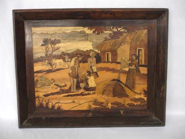Islands Marquetry Picture in Wood Frame. Visual measures 14''x20''. SHI $35.
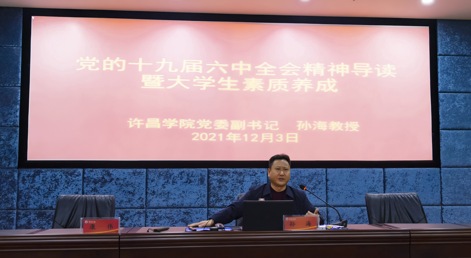 孙海教授从党的十九届六中全会精神导读和大学生素质养成两大部分开展讲座。
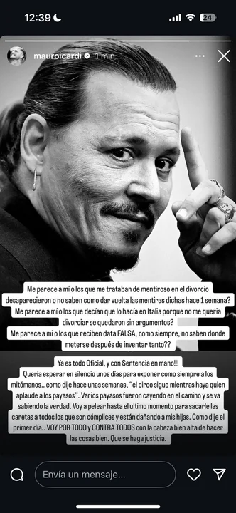 Pero este miércoles, el futbolista del Galatasaray volvió a expresarse y fue muy duro con sus mensajes. Para su primer posteo volvió a elegir una imagen del actor Johnny Depp y escribió: “¿Me parece a mí o los que me trataban de mentiroso en el divorcio desaparecieron o no saben cómo dar vuelta las mentiras dichas hace una semana? ¿Me parece a mí o los que decían que lo hacía en Italia porque no me quería divorciar se quedaron sin argumentos? ¿Me parece a mí o los que reciben data falsa, como siempre, no saben dónde meterse después de inventar tanto?”.
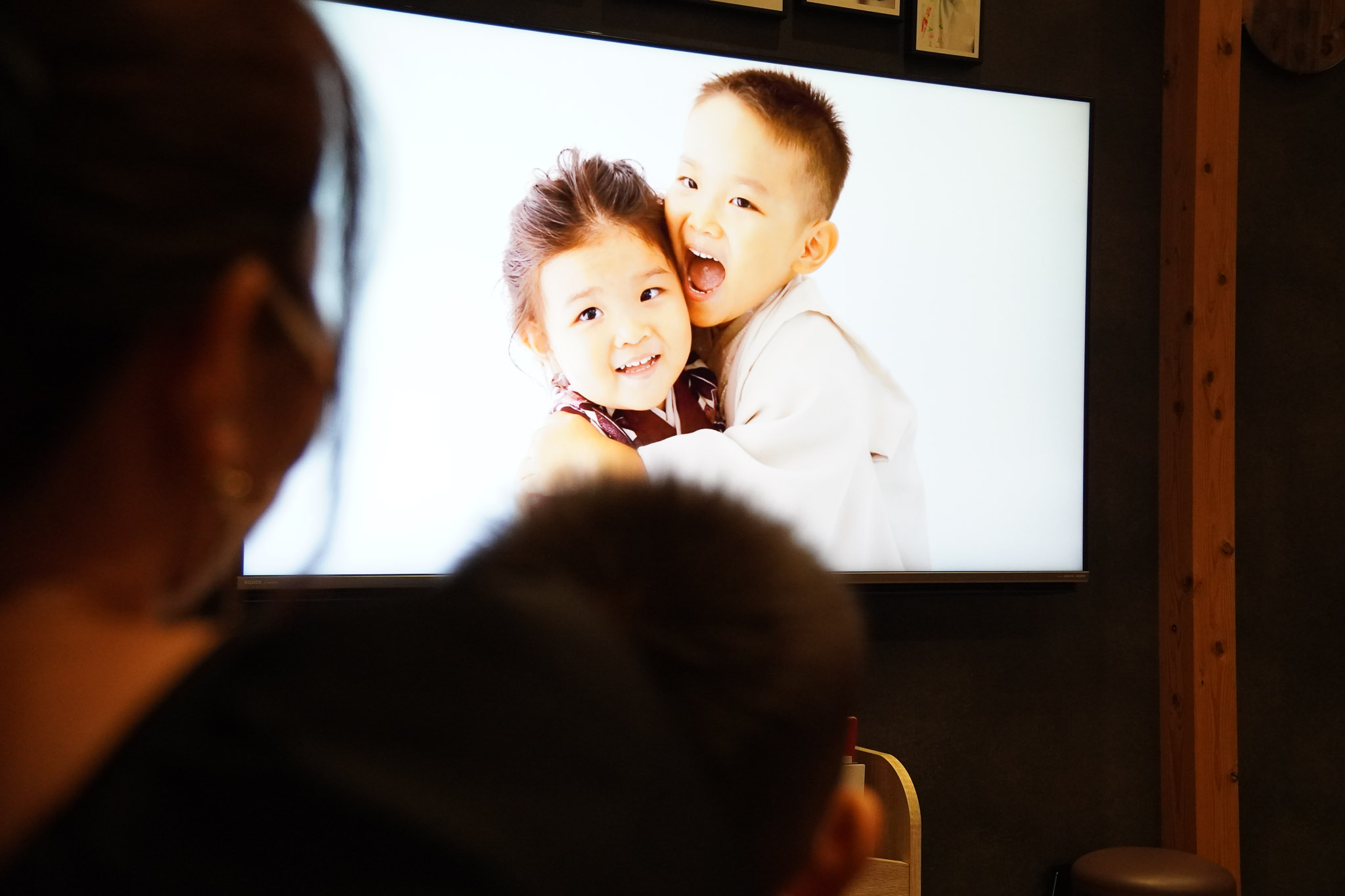 全ての撮影終了後、モニタールームでスライドショーを見ながら家族だけの落ち着いた時間を過ごすことができます。

- [Exercise brief] Skipping all images, print the data above a second time exactly.

- [Response to the task]
Islands Marquetry Picture in Wood Frame. Visual measures 14''x20''. SHI $35.
 孙海教授从党的十九届六中全会精神导读和大学生素质养成两大部分开展讲座。
 Pero este miércoles, el futbolista del Galatasaray volvió a expresarse y fue muy duro con sus mensajes. Para su primer posteo volvió a elegir una imagen del actor Johnny Depp y escribió: “¿Me parece a mí o los que me trataban de mentiroso en el divorcio desaparecieron o no saben cómo dar vuelta las mentiras dichas hace una semana? ¿Me parece a mí o los que decían que lo hacía en Italia porque no me quería divorciar se quedaron sin argumentos? ¿Me parece a mí o los que reciben data falsa, como siempre, no saben dónde meterse después de inventar tanto?”.
 全ての撮影終了後、モニタールームでスライドショーを見ながら家族だけの落ち着いた時間を過ごすことができます。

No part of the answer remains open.